Exercise aim: The copy should hold exactly the lines below from the one that contains "深圳市2017年學前教育家園共育公益指導項目——安全知識我知道 安全意識要提高" through the one that contains "最近一個(gè)月內(nèi" and nothing else, so no pictures.

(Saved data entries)

########

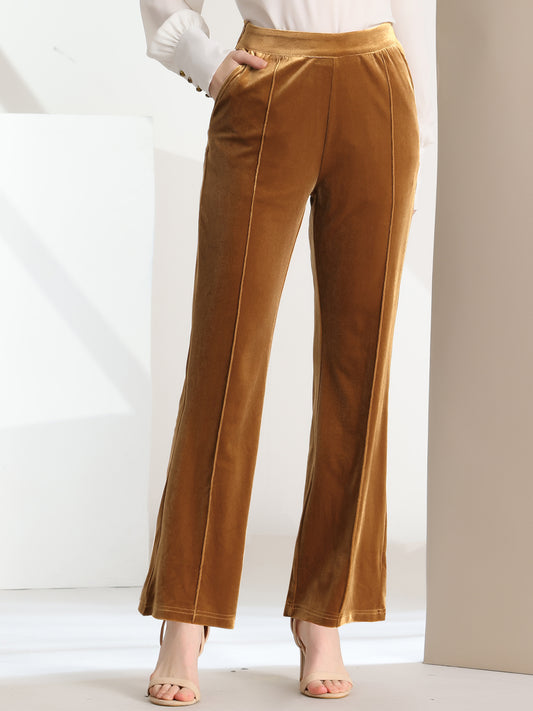 Pantalones de terciopelo para mujer con bolsillos, elegantes pantalones de trabajo de cintura alta y pierna acampanada
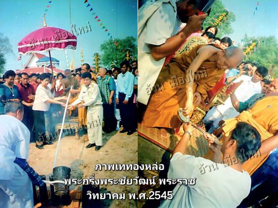 **พิธีเททองหล่อพระกริ่งพระชัยวัฒน์ : หลวงพ่อคูณเมตตาเป็นองค์ประธานเททองปฐมฤกษ์ ณ วัดมะระ วันที่ 22 มีนาคม พ.ศ.2545 เวลา 9:00 น.
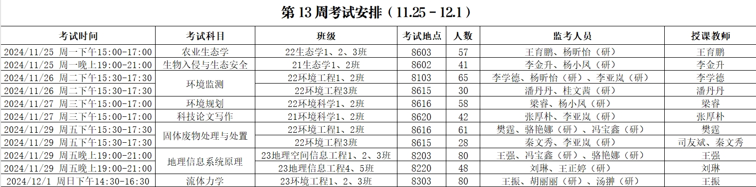 资环学院2024-2025-1第13周考试安排.xls
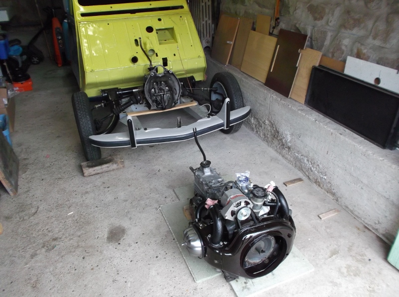 C'est tout de même super pratique, la 2CV ! On prend le moteur à 2 mains on le pose sur une table, pareil pour la boite de vitesses et hop on travaille à son aise assis, c'est à la bonne hauteur, facile à bouger et tout. Génial !
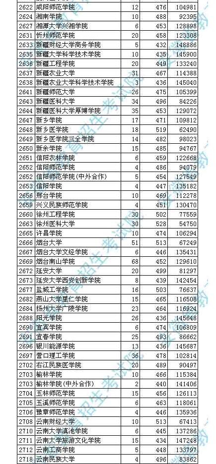 2018安徽高考本科二批投档分数线及名次(理工类)
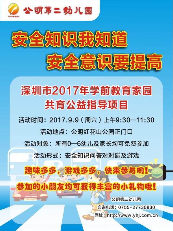 深圳市2017年學前教育家園共育公益指導項目——安全知識我知道 安全意識要提高
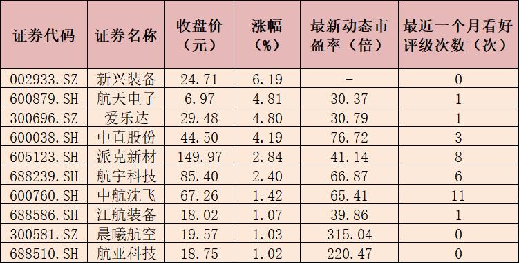 最近一個(gè)月內(nèi),有機(jī)構(gòu)對(duì)于航空航天概念股表示看好,具體來(lái)看,有34只個(gè)股獲機(jī)構(gòu)給予“買入”或“增持”等看好評(píng)級(jí),其中,光威復(fù)材、西部超導(dǎo)、中航高科獲得看好評(píng)級(jí)次數(shù)最多,均為15次。
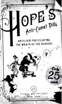 When Halley’s Comet returned in 191o, it brought forth fear of an apocalypse because Earth would pass through a small part of the tail. The spectroscopic studies of comet tails conducted by Sir William Huggins revealed that among the many organic molecules found in comets was lethal cyanide gas. Speculation became hysteria in some cases, convinced that the humanity stood a very good chance of being asphyxiated by cyanide molecules. Newspapers fueled the panic, people sealed off their chimneys and doorways. There were many suicides, strange new remedies were offered for sale and oxygen sold for high prices.
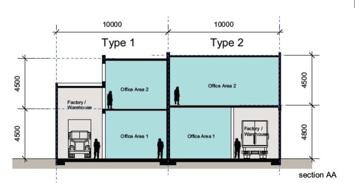 To be constructed warehouse / office facility which provides container access via one (1) roller shutter door.

########

Written solution:
 深圳市2017年學前教育家園共育公益指導項目——安全知識我知道 安全意識要提高
 最近一個(gè)月內(nèi),有機(jī)構(gòu)對(duì)于航空航天概念股表示看好,具體來(lái)看,有34只個(gè)股獲機(jī)構(gòu)給予“買入”或“增持”等看好評(píng)級(jí),其中,光威復(fù)材、西部超導(dǎo)、中航高科獲得看好評(píng)級(jí)次數(shù)最多,均為15次。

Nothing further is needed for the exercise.